"The Falcon and the Winter Soldier" bei Disney Plus:Neue Männer braucht das Land

Lesezeit: 2 min

Einer schwarz, einer schwer traumatisiert: Falcon (Anthony Mackie) und der Winter Soldier (Sebastian Stan) ringen mit der Männlichkeit, die von Superhelden erwartet wird. (Foto: Marvel Studios 2020/Chuck Zlotnick)

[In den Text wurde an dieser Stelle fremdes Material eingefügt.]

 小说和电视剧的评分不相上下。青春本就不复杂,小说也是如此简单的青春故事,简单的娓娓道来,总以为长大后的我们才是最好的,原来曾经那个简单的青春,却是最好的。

Falcon und Winter Soldier, die Sidekicks von Captain America, bekommen eine eigene Serie. Gut so, denn auch die Männlichkeit soll bitte diverser werden.

Von Nicolas Freund

Dürfen die das? Einfach eine Serie machen über zwei muskelbepackte Dudes, die aussieht wie der filmgewordene Traum eines Sechsjährigen? Zumindest in der ersten Folge von The Falcon and the Winter Soldier ist weit und breit keine Frau in einer Hauptrolle zu sehen, dafür jede Menge Technikspielzeug, Stunts und Action. Gehen die Marvel Studios mit ihrer zweiten Serie bei Disney Plus wieder dahin zurück, wo sie mit dem Macho Iron Man mal angefangen hatten?

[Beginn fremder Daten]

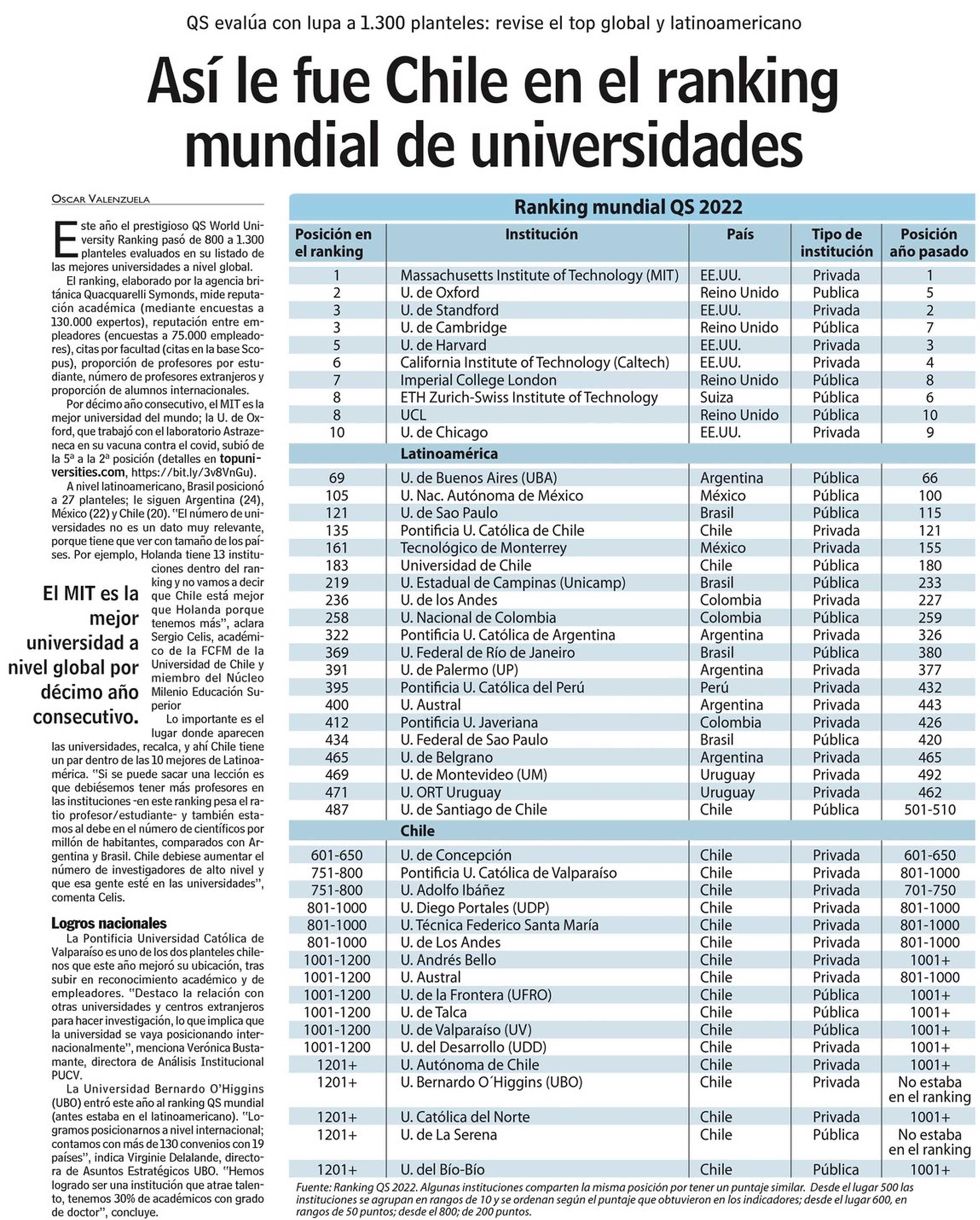 Así le fue Chile en el ranking mundial de universidades. Se menciona a la UTalca.

Falcon und der Winter Soldier waren lange die Sidekicks von Captain America. Der eine kann fliegen, der andere hat einen Roboterarm, beide sind Rivalen, man könnte sie aber auch so, wie sie sind, breitbeinig mit Dosenbier bewaffnet, auf einer Couch vor dem Superbowlfinale parken. Echte Männer also? Der Literaturnobelpreisträger J.M. Coetzee beschrieb Captain America schon vor 45 Jahren als "in eine Flagge gewickelten Phallus", und am Ende des letzten Avengers-Films hatte sich der amerikanischste aller Superhelden entschlossen, zurück in die Vergangenheit zu reisen, aus der er gekommen ist. Und in die er gehört, möchte man hinzufügen.

Der mit einem Schild bewaffnete Captain America gehört der Vergangenheit an. Gar nicht nur schade. (Foto: Marvel Studios 2020/Chuck Zlotnick)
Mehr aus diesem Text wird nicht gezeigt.